# The task:
Retype the opening lines of the listing below, ending with the line that contains "L’alimentazione dello spazzolino", and leave out any pictures.

# Source material:
---
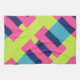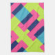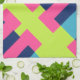 Vibrant blocks of colour intersect and overlay one another, creating a complex geometric composition. Bold shades of blue, pink, and green dominate the design, shapes interfacing with each other.
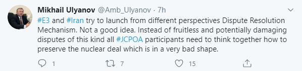 «اولیانوف»، با انتشار توییتی ضمن انتقاد از راهکار استفاده از مکانیسم حل و فصل اختلاف در چارچوب توافق هسته ای، نوشت «تروئیکای اروپایی و ایران تلاش دارند تا مکانیسم حل و فصل اختلاف را فعال کنند؛ طرفین برجام باید به جای چنین مکانیسمهای بی ثمری که پتانسیل آسیب زایی دارند، با هم در مورد چگونگی حفظ توافق هستهای که در وضع بسیار بدی قرار دارد، همفکری کنند.»
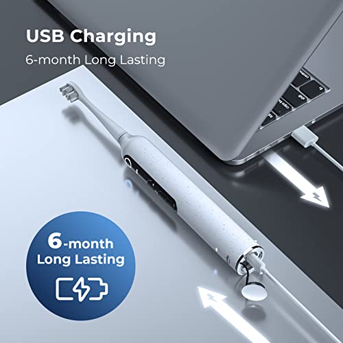 L’alimentazione dello spazzolino elettrico uSmile è affidata ad una batteria al litio ricaricabile tramite cavo USB Type C. La batteria impiega circa 4 ore per caricarsi completamente e offre fino a 190 giorni di autonomia. Sicuramente il dato dell’autonomia è da valutare al ribasso, in quanto le misurazioni sono sicuramente state effettuate con l’intensità e la potenza al minimo. Comunque un valore fuori scala di 80 – 90 giorni di autonomia è più che plausibile.
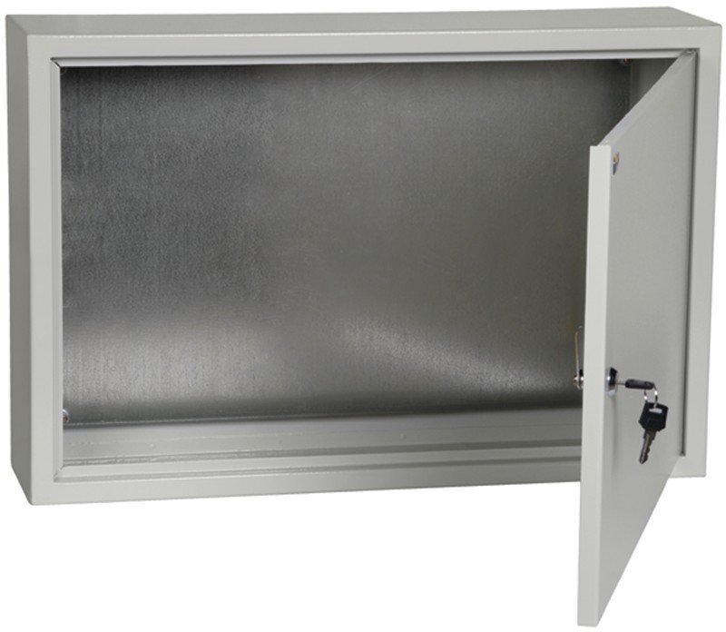 Сварной металлический корпус со съемной монтажной панелью. Дверца корпуса запирается на замок. Ключ замка имеет единый секрет.
---
# Answer space:
 Vibrant blocks of colour intersect and overlay one another, creating a complex geometric composition. Bold shades of blue, pink, and green dominate the design, shapes interfacing with each other.
 «اولیانوف»، با انتشار توییتی ضمن انتقاد از راهکار استفاده از مکانیسم حل و فصل اختلاف در چارچوب توافق هسته ای، نوشت «تروئیکای اروپایی و ایران تلاش دارند تا مکانیسم حل و فصل اختلاف را فعال کنند؛ طرفین برجام باید به جای چنین مکانیسمهای بی ثمری که پتانسیل آسیب زایی دارند، با هم در مورد چگونگی حفظ توافق هستهای که در وضع بسیار بدی قرار دارد، همفکری کنند.»
 L’alimentazione dello spazzolino elettrico uSmile è affidata ad una batteria al litio ricaricabile tramite cavo USB Type C. La batteria impiega circa 4 ore per caricarsi completamente e offre fino a 190 giorni di autonomia. Sicuramente il dato dell’autonomia è da valutare al ribasso, in quanto le misurazioni sono sicuramente state effettuate con l’intensità e la potenza al minimo. Comunque un valore fuori scala di 80 – 90 giorni di autonomia è più che plausibile.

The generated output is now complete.